**Problem description**
In the entries below, begin at the line that has "This video screenshot", stop after the line that has "Gold - 18x26", and output those lines exactly with no pictures.

**Study material**
####################

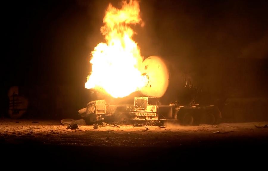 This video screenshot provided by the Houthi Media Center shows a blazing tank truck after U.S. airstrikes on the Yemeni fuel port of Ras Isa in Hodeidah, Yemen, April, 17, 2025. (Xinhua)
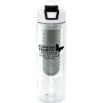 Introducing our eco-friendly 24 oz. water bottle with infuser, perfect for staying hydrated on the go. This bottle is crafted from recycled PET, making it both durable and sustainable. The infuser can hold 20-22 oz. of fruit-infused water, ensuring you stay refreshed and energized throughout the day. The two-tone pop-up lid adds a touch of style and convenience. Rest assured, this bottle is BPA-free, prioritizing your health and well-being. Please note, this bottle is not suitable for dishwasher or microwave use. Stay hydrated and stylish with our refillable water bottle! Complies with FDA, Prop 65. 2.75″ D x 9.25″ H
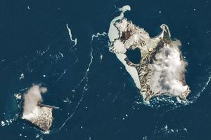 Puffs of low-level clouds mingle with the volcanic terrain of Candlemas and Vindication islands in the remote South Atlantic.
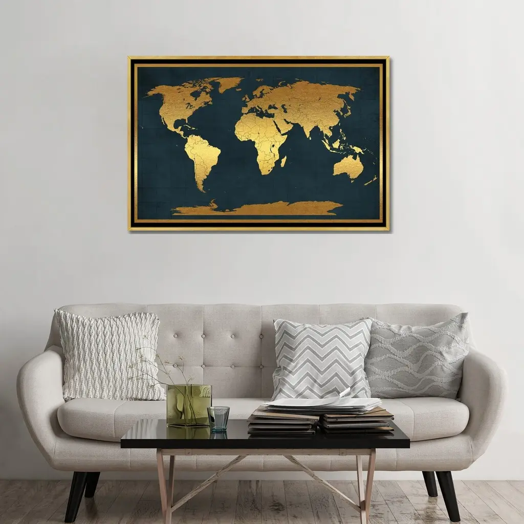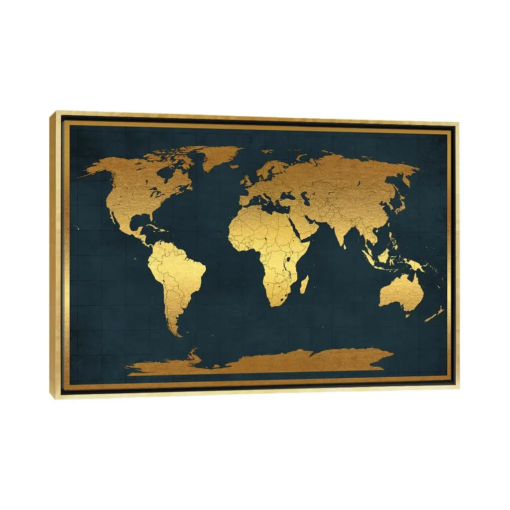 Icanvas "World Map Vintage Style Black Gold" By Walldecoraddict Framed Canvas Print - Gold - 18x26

####################

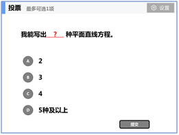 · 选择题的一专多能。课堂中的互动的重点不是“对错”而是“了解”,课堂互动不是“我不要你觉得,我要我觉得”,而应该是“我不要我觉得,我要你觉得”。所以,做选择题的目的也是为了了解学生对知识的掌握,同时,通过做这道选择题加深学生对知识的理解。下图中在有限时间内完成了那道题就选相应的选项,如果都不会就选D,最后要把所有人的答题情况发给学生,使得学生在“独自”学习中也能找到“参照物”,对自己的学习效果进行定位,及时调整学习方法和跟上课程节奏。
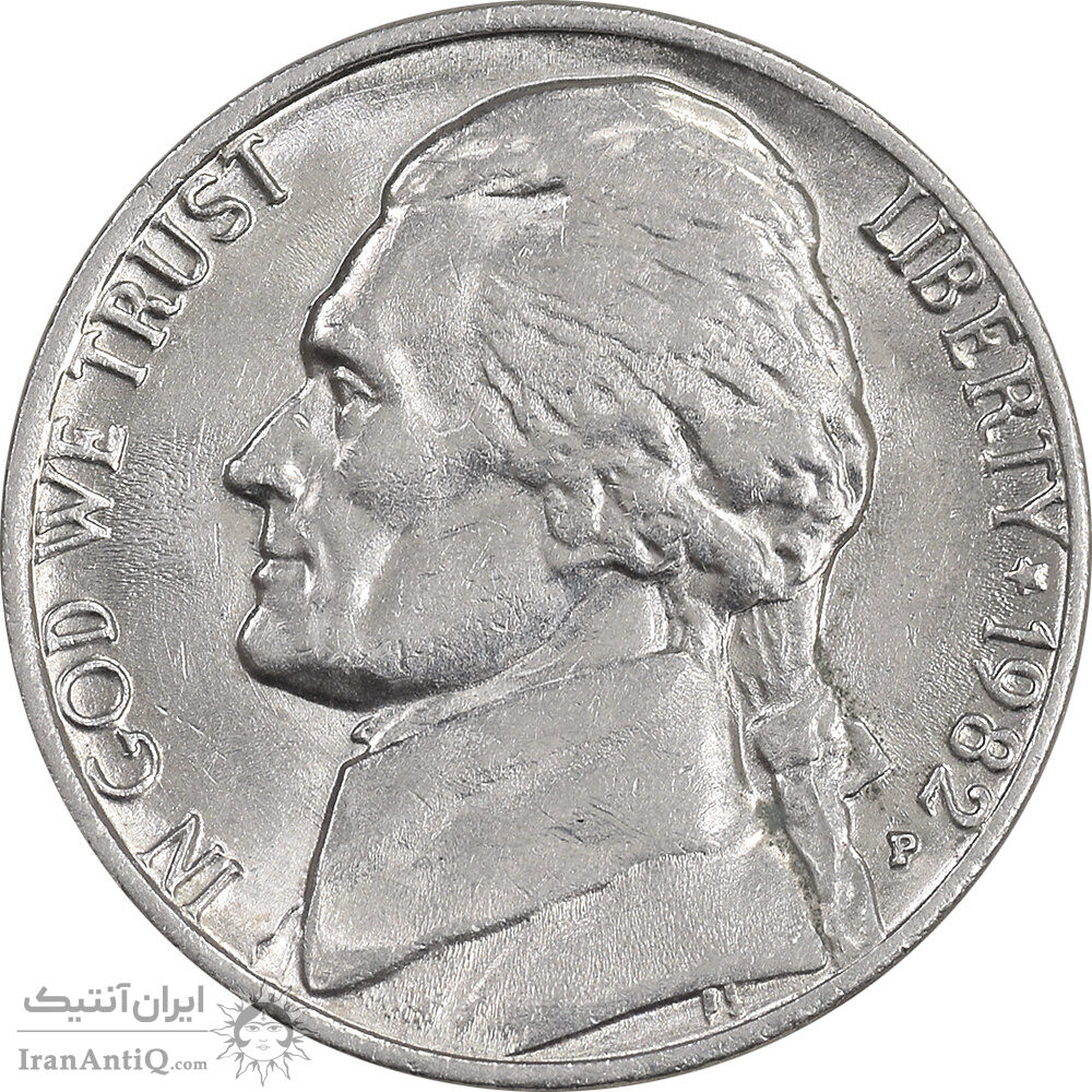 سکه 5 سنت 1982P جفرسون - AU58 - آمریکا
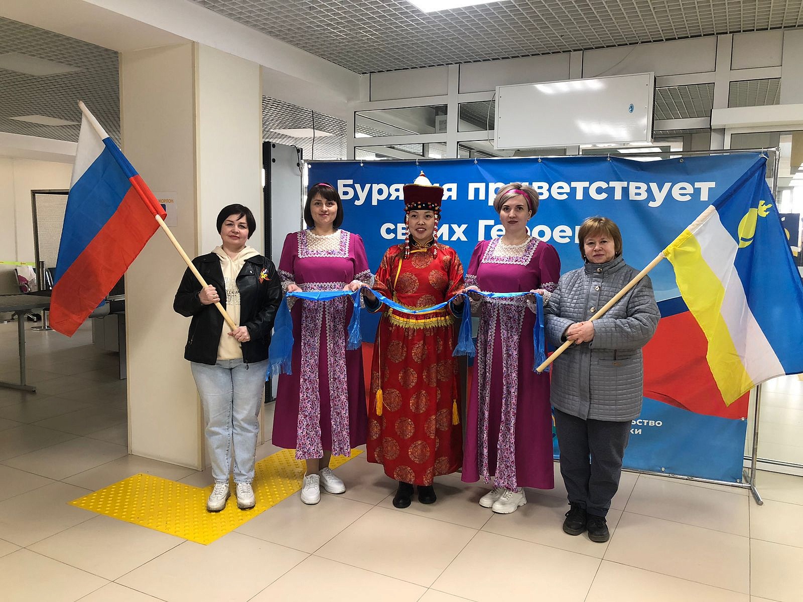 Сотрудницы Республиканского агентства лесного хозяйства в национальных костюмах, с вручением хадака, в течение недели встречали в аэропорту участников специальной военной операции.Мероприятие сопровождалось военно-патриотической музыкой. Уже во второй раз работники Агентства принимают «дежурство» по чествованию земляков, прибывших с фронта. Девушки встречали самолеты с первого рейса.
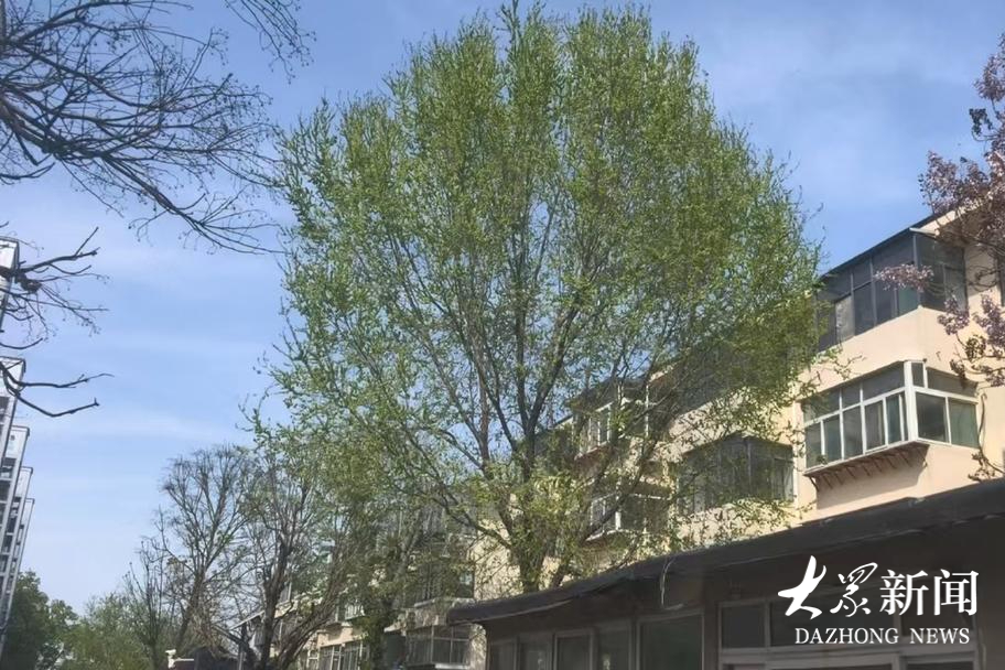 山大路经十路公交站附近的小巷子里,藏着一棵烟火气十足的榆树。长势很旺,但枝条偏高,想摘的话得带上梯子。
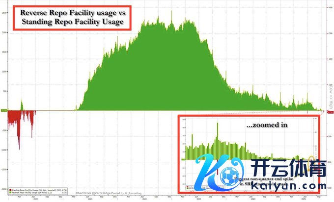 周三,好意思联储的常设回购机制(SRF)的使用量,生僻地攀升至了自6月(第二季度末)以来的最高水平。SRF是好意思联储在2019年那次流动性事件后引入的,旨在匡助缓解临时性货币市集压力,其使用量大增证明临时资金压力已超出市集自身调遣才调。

####################

**Response to this task**
 This video screenshot provided by the Houthi Media Center shows a blazing tank truck after U.S. airstrikes on the Yemeni fuel port of Ras Isa in Hodeidah, Yemen, April, 17, 2025. (Xinhua)
 Introducing our eco-friendly 24 oz. water bottle with infuser, perfect for staying hydrated on the go. This bottle is crafted from recycled PET, making it both durable and sustainable. The infuser can hold 20-22 oz. of fruit-infused water, ensuring you stay refreshed and energized throughout the day. The two-tone pop-up lid adds a touch of style and convenience. Rest assured, this bottle is BPA-free, prioritizing your health and well-being. Please note, this bottle is not suitable for dishwasher or microwave use. Stay hydrated and stylish with our refillable water bottle! Complies with FDA, Prop 65. 2.75″ D x 9.25″ H
 Puffs of low-level clouds mingle with the volcanic terrain of Candlemas and Vindication islands in the remote South Atlantic.
 Icanvas "World Map Vintage Style Black Gold" By Walldecoraddict Framed Canvas Print - Gold - 18x26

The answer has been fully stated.